**RECORDED DATA**
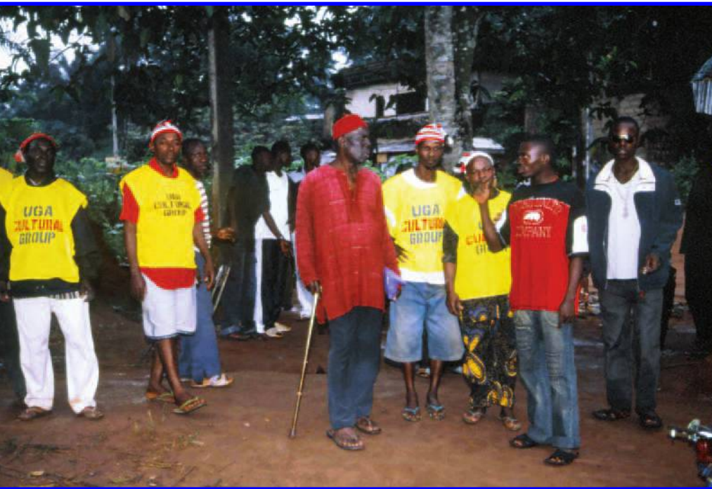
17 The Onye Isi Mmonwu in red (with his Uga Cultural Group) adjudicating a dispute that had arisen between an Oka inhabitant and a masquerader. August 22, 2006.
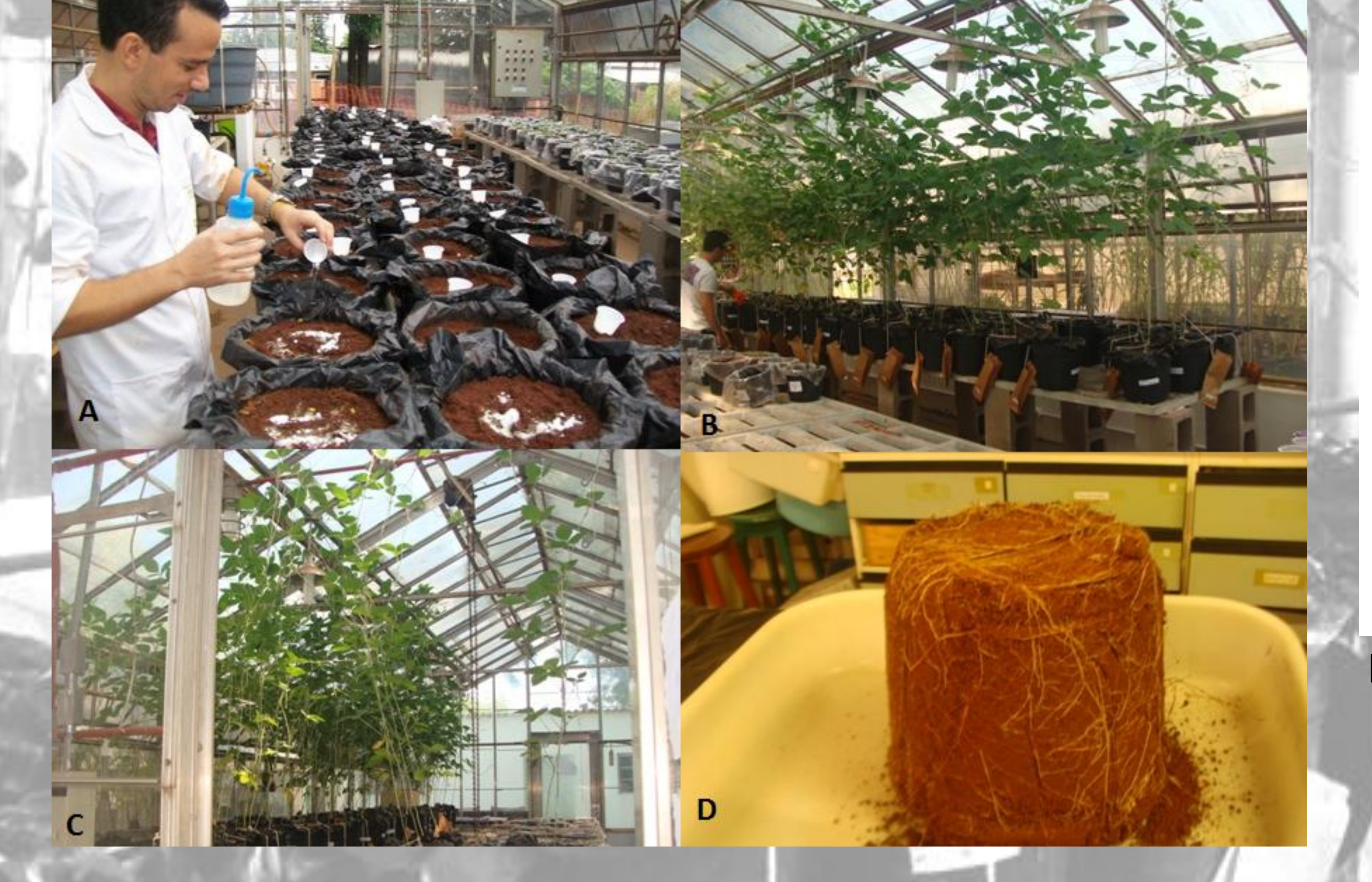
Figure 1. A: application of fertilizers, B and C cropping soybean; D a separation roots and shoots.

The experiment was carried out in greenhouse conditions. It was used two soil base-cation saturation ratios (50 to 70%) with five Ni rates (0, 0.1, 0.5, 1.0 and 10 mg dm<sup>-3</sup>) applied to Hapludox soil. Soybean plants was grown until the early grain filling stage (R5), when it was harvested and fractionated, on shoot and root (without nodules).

**PROBLEM**
Everything in the listing except the pictures must be reproduced exactly.

**RESULT BELOW**
17 The Onye Isi Mmonwu in red (with his Uga Cultural Group) adjudicating a dispute that had arisen between an Oka inhabitant and a masquerader. August 22, 2006.
Figure 1. A: application of fertilizers, B and C cropping soybean; D a separation roots and shoots.

The experiment was carried out in greenhouse conditions. It was used two soil base-cation saturation ratios (50 to 70%) with five Ni rates (0, 0.1, 0.5, 1.0 and 10 mg dm<sup>-3</sup>) applied to Hapludox soil. Soybean plants was grown until the early grain filling stage (R5), when it was harvested and fractionated, on shoot and root (without nodules).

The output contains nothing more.